A Mapping that automatically generates and assigns unique, minified string values for any new keys accessed. The values are generated using the specified alphabet.

from mappingtools.collectors import AutoMapper

auto_mapper = AutoMapper()
print(auto_mapper['example_key'])
print(auto_mapper['another_key'])
print(auto_mapper['example_key'])
auto_mapper
# output:
# 'A'
# 'B'
# 'A'
# AutoMapper({'example_key': 'A', 'another_key': 'B'})
greek_auto_mapper = AutoMapper(alphabet='αβγ')
print(greek_auto_mapper['first'])
print(greek_auto_mapper['second'])
print(greek_auto_mapper['first'])
print(greek_auto_mapper['third'])
print(greek_auto_mapper['fourth'])
print(greek_auto_mapper['fifth'])
greek_auto_mapper
# output:
# 'α'
# 'β'
# 'γ'
# 'αα'
# 'αβ'
# AutoMapper({'first': 'α', 'second': 'β', 'third': 'γ', 'fourth': 'αα', 'fifth': 'αβ'})

CategoryCounter

The CategoryCounter class extends a dictionary to count occurrences of data items categorized by multiple categories. It maintains a total count of all data items and allows categorization using direct values or functions.

from mappingtools.collectors import CategoryCounter

counter = CategoryCounter()

for fruit in ['apple', 'banana', 'apple']:
    counter.update({fruit: 1}, type='fruit', char_count=len(fruit), unique_char_count=len(set(fruit)))

print(counter.total)
# Output: Counter({'apple': 2, 'banana': 1})

print(counter)
# output: CategoryCounter({'type': defaultdict(<class 'collections.Counter'>, {'fruit': Counter({'apple': 2, 'banana': 1})}), 'char_count': defaultdict(<class 'collections.Counter'>, {5: Counter({'apple': 2}), 6: Counter({'banana': 1})}), 'unique_char_count': defaultdict(<class 'collections.Counter'>, {4: Counter({'apple': 2}), 3: Counter({'banana': 1})})})

MappingCollector

A class designed to collect key-value pairs into an internal mapping based on different aggregation modes. It supports modes like ALL, COUNT, DISTINCT, FIRST, LAST, and more via the Aggregation enum.

1
2
3
4
5
6
7
8
9
from mappingtools.collectors import MappingCollector
from mappingtools.aggregation import Aggregation

collector = MappingCollector(aggregation=Aggregation.ALL)
collector.add('a', 1)
collector.add('a', 2)
collector.collect([('b', 3), ('b', 4)])
print(collector.mapping)
# output: {'a': [1, 2], 'b': [3, 4]}

MeteredDict

A dictionary that tracks changes made to it.

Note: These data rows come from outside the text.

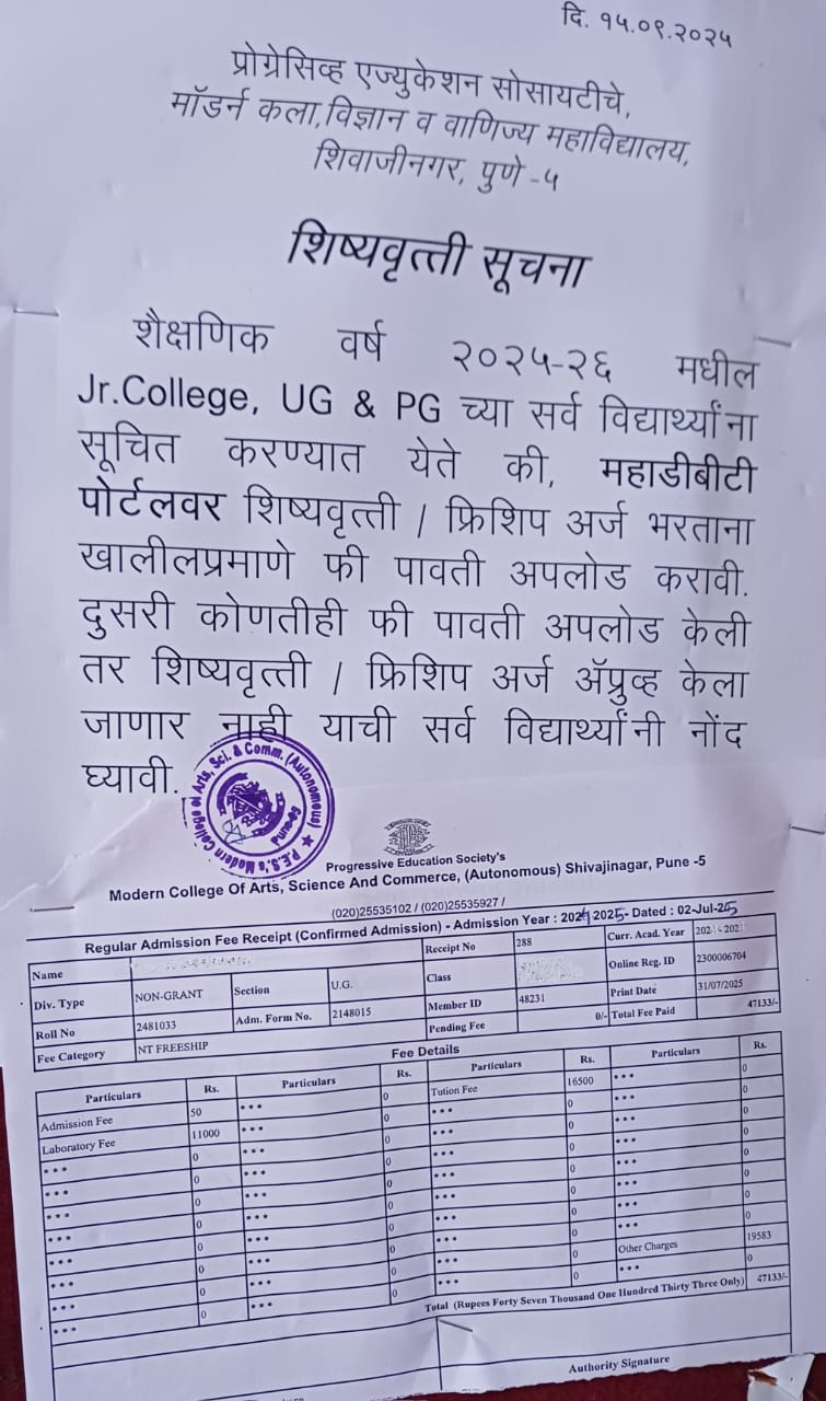 - Scholarship Notice regarding Fee Receipt required for filling Scholarship / Freeship Application in MAHADBT Portal for Junior College, UG and PG
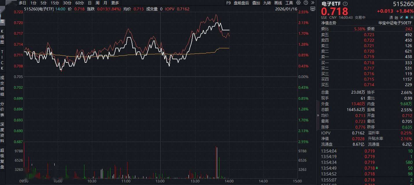 ETF盘中资讯|超300亿主力资金爆买!电子板块领涨两市,长电科技等3股涨停!电子ETF(515260)盘中拉升2%,冲击3连阳
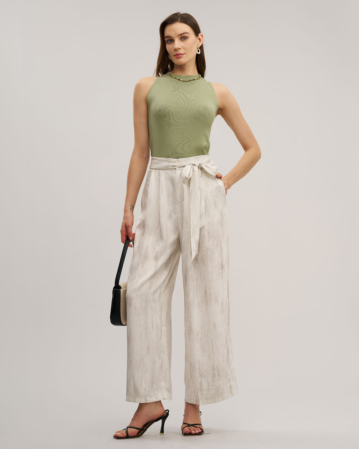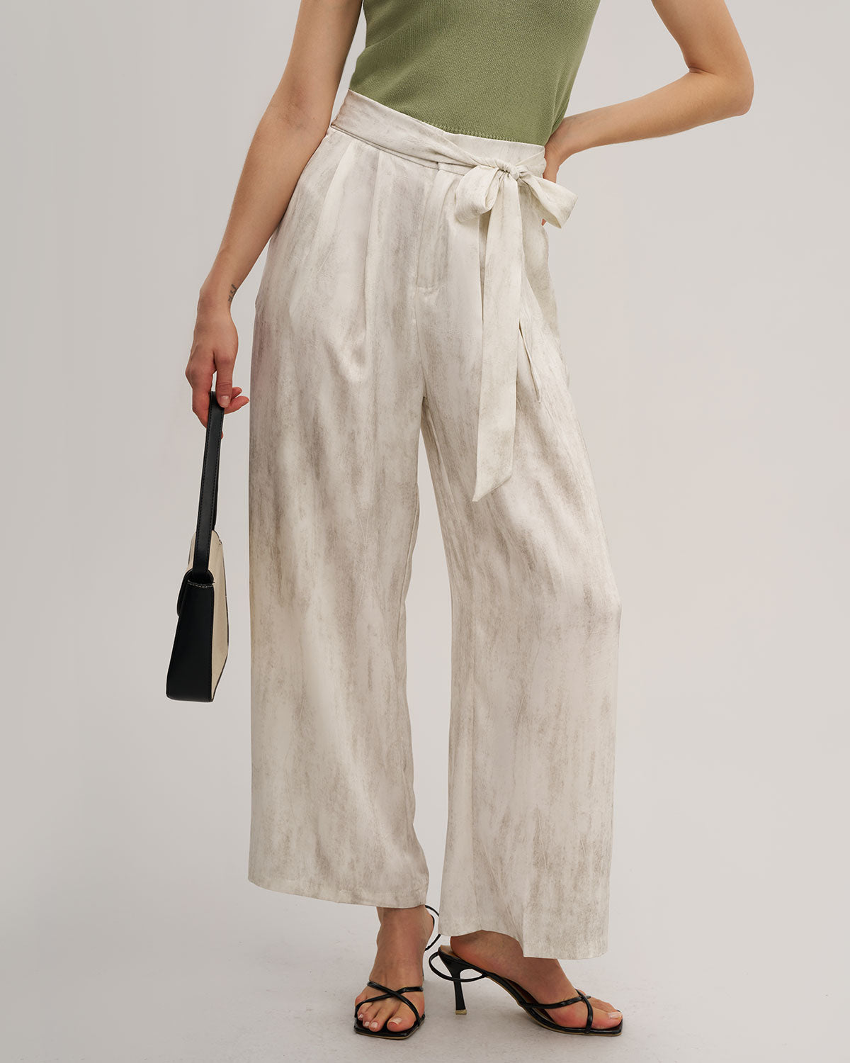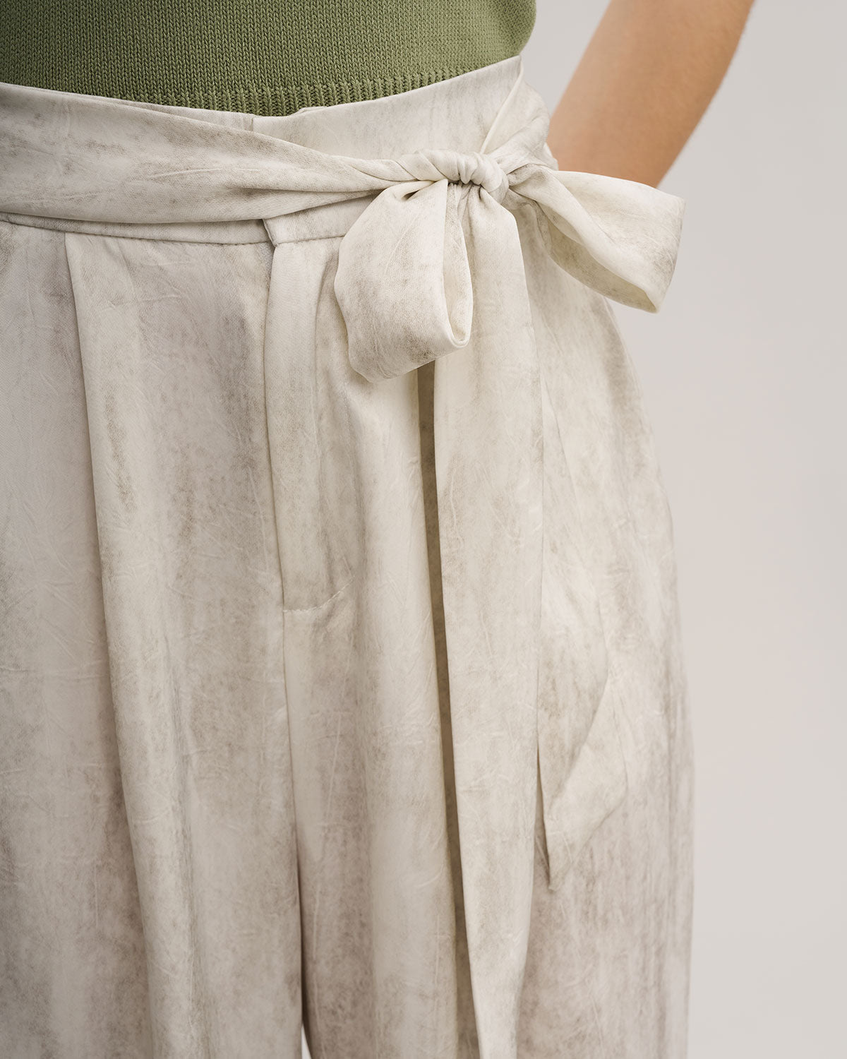 Beyaz Lastikli Bel Geniş Paça Pantolon

from mappingtools.collectors import MeteredDict

metered_dict = MeteredDict()
metered_dict['a'] = 1
metered_dict['b'] = 2
_ = metered_dict['a']

metered_dict
# output: {'a': 1, 'b': 2}

metered_dict.summaries()
# output: {'a': {'get': {'count': 1, 'first': datetime.datetime(2025, 10, 26, 9, 3, 52, 347825, tzinfo=datetime.timezone.utc), 'last': datetime.datetime(2025, 10, 26, 9, 3, 52, 347825, tzinfo=datetime.timezone.utc), 'duration': datetime.timedelta(0), 'frequency': 0.0}, 'get_default': {'count': 0, 'first': None, 'last': None, 'duration': datetime.timedelta(0), 'frequency': 0.0}, 'set': {'count': 1, 'first': datetime.datetime(2025, 10, 26, 9, 3, 52, 347806, tzinfo=datetime.timezone.utc), 'last': datetime.datetime(2025, 10, 26, 9, 3, 52, 347806, tzinfo=datetime.timezone.utc), 'duration': datetime.timedelta(0), 'frequency': 0.0}, 'set_default': {'count': 0, 'first': None, 'last': None, 'duration': datetime.timedelta(0), 'frequency': 0.0}, 'pop': {'count': 0, 'first': None, 'last': None, 'duration': datetime.timedelta(0), 'frequency': 0.0}}, 'b': {'get': {'count': 0, 'first': None, 'last': None, 'duration': datetime.timedelta(0), 'frequency': 0.0}, 'get_default': {'count': 0, 'first': None, 'last': None, 'duration': datetime.timedelta(0), 'frequency': 0.0}, 'set': {'count': 1, 'first': datetime.datetime(2025, 10, 26, 9, 3, 52, 347820, tzinfo=datetime.timezone.utc), 'last': datetime.datetime(2025, 10, 26, 9, 3, 52, 347820, tzinfo=datetime.timezone.utc), 'duration': datetime.timedelta(0), 'frequency': 0.0}, 'set_default': {'count': 0, 'first': None, 'last': None, 'duration': datetime.timedelta(0), 'frequency': 0.0}, 'pop': {'count': 0, 'first': None, 'last': None, 'duration': datetime.timedelta(0), 'frequency': 0.0}}}

nested_defaultdict

Creates a nested defaultdict with specified depth and factory.

1
2
3
4
5
6
from mappingtools.collectors import nested_defaultdict

nested_dd = nested_defaultdict(1, list)
nested_dd[0][1].append('value')
print(nested_dd)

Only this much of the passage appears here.